Provided data ->
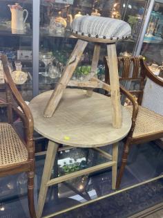 A contemporary circular table and stool.
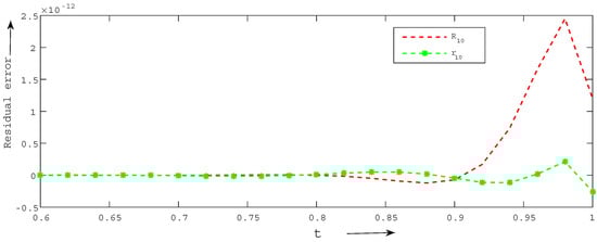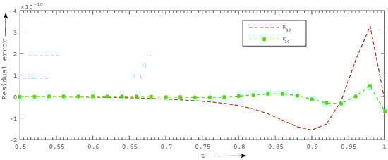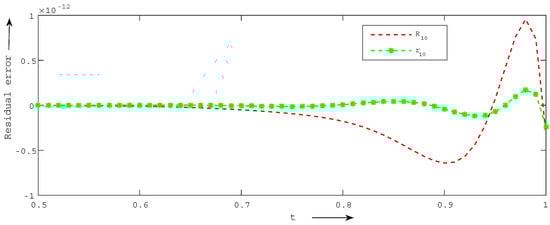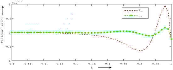 We present a comparison of errors using the and norms of the CCM with those of the BCM for and for Example 4 in Table 9. We clearly observe that achieving the desired level of accuracy is more effectively accomplished with the CCM compared to the BCM. Furthermore, Figure 4 illustrates a comparison of residual errors between the current technique and the BCM, revealing that the residual errors of the CCM are significantly lower than those of the BCM.
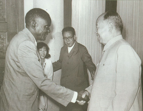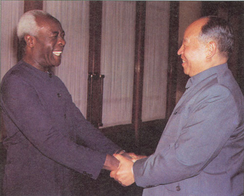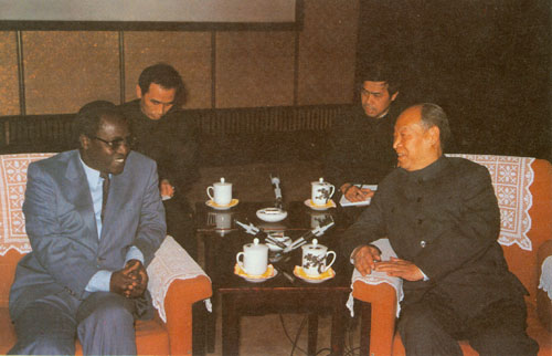 283.彭真1985.6在北京会见赞比亚国民议会议长鲁赛逊·纳布利亚托。

Work to complete ->
Reproduce the data in full. Do not carry over any picture.

Response box ->
 A contemporary circular table and stool.
 We present a comparison of errors using the and norms of the CCM with those of the BCM for and for Example 4 in Table 9. We clearly observe that achieving the desired level of accuracy is more effectively accomplished with the CCM compared to the BCM. Furthermore, Figure 4 illustrates a comparison of residual errors between the current technique and the BCM, revealing that the residual errors of the CCM are significantly lower than those of the BCM.
 283.彭真1985.6在北京会见赞比亚国民议会议长鲁赛逊·纳布利亚托。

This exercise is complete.